━━━ EXTRACTED DATA ━━━

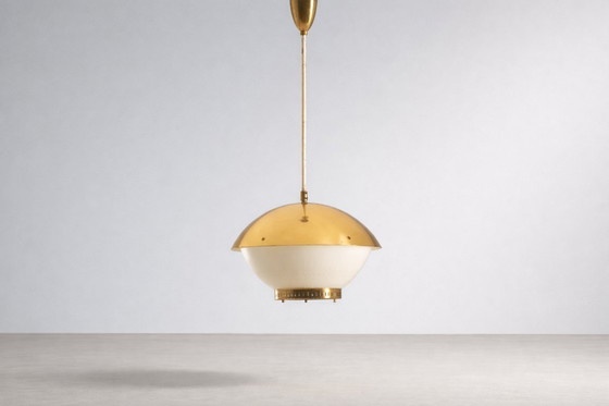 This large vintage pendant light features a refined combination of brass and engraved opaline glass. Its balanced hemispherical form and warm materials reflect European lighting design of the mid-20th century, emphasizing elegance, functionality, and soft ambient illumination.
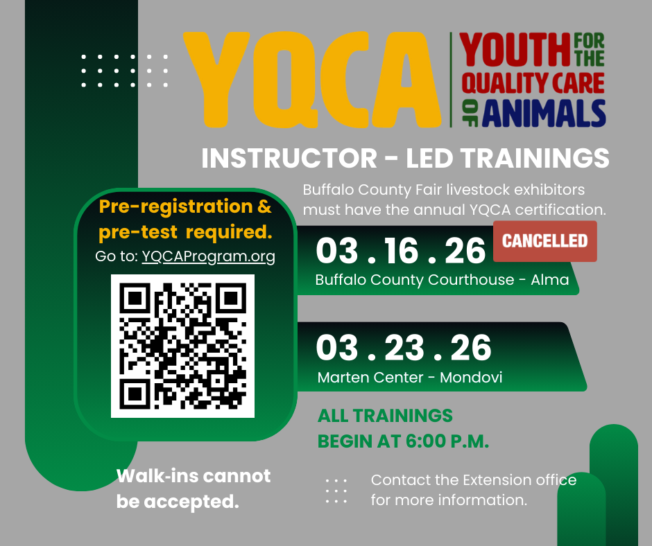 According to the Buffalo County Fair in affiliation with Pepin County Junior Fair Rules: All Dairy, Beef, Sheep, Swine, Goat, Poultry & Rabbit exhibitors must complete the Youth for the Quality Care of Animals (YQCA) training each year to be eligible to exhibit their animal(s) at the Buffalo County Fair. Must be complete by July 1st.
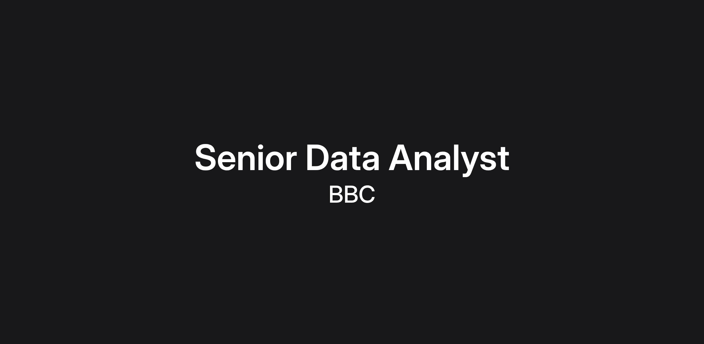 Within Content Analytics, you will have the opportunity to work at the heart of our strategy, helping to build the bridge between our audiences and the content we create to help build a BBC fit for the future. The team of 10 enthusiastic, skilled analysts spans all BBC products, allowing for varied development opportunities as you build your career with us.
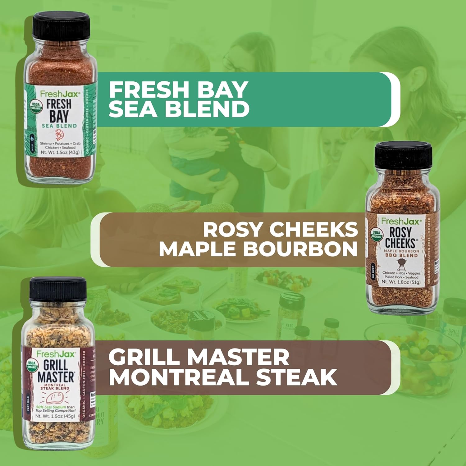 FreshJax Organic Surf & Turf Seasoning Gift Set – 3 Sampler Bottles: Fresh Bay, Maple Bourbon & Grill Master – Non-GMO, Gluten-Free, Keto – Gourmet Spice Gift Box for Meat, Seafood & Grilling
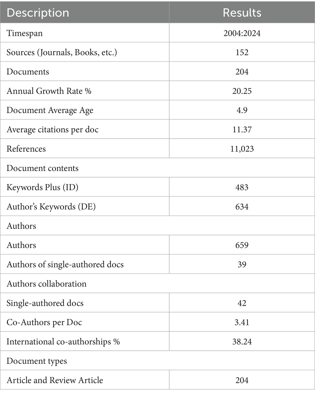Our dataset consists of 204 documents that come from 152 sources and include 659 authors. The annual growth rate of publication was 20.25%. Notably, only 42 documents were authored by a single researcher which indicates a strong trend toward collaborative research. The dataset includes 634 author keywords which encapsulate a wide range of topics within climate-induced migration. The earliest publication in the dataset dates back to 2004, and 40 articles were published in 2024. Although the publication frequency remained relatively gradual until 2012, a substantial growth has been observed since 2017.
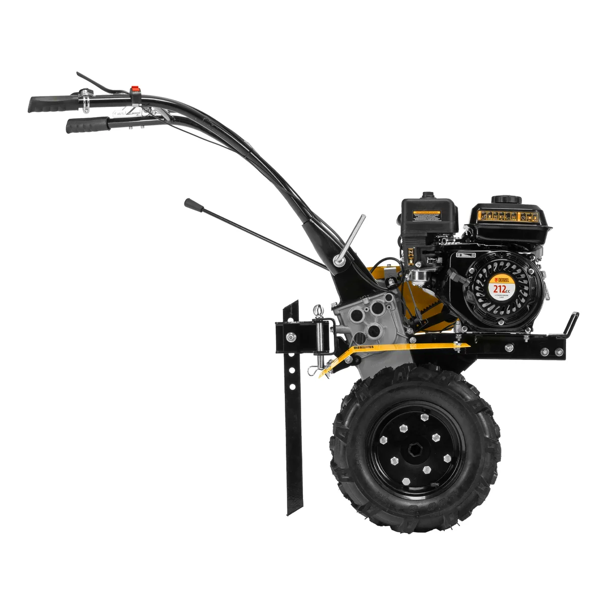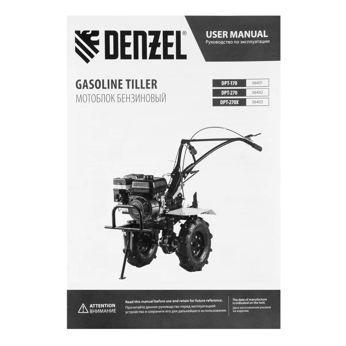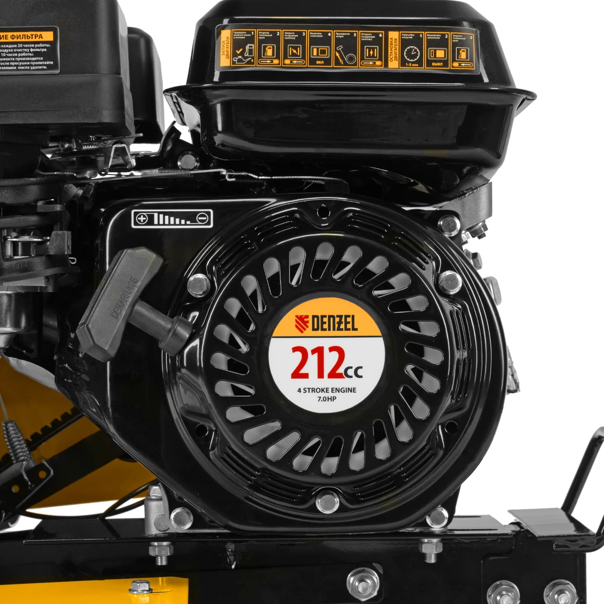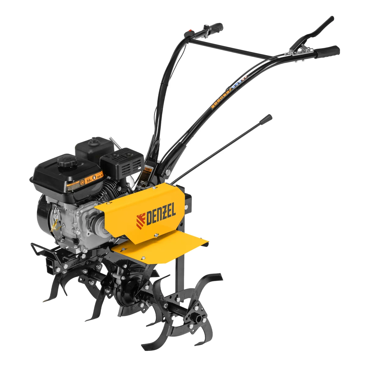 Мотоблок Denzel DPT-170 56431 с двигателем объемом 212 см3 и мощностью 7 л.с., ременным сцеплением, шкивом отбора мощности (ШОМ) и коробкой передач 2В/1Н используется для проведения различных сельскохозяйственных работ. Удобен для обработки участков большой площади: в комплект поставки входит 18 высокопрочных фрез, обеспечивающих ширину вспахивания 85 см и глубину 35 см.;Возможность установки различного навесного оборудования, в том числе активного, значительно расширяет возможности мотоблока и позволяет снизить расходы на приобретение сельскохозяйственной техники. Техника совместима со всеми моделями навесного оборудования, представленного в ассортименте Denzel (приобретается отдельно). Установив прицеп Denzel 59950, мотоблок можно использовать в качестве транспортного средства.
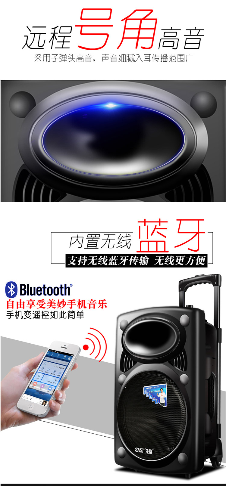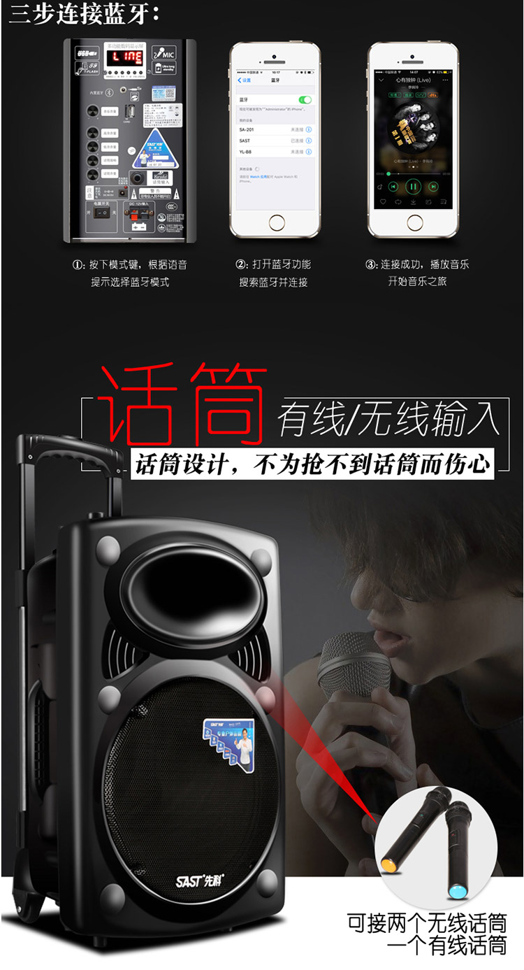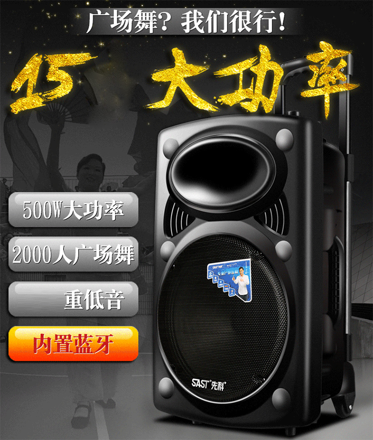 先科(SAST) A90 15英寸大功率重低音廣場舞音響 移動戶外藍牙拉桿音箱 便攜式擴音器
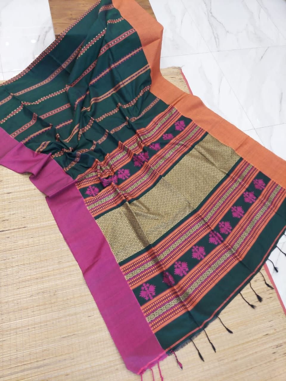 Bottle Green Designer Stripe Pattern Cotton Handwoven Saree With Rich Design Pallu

━━━

Leave the pictures out. Output exactly, and only, the lines from the one with "Our dataset consists" through the last line of the listing above, both included.

Our dataset consists of 204 documents that come from 152 sources and include 659 authors. The annual growth rate of publication was 20.25%. Notably, only 42 documents were authored by a single researcher which indicates a strong trend toward collaborative research. The dataset includes 634 author keywords which encapsulate a wide range of topics within climate-induced migration. The earliest publication in the dataset dates back to 2004, and 40 articles were published in 2024. Although the publication frequency remained relatively gradual until 2012, a substantial growth has been observed since 2017.
 Мотоблок Denzel DPT-170 56431 с двигателем объемом 212 см3 и мощностью 7 л.с., ременным сцеплением, шкивом отбора мощности (ШОМ) и коробкой передач 2В/1Н используется для проведения различных сельскохозяйственных работ. Удобен для обработки участков большой площади: в комплект поставки входит 18 высокопрочных фрез, обеспечивающих ширину вспахивания 85 см и глубину 35 см.;Возможность установки различного навесного оборудования, в том числе активного, значительно расширяет возможности мотоблока и позволяет снизить расходы на приобретение сельскохозяйственной техники. Техника совместима со всеми моделями навесного оборудования, представленного в ассортименте Denzel (приобретается отдельно). Установив прицеп Denzel 59950, мотоблок можно использовать в качестве транспортного средства.
 先科(SAST) A90 15英寸大功率重低音廣場舞音響 移動戶外藍牙拉桿音箱 便攜式擴音器
 Bottle Green Designer Stripe Pattern Cotton Handwoven Saree With Rich Design Pallu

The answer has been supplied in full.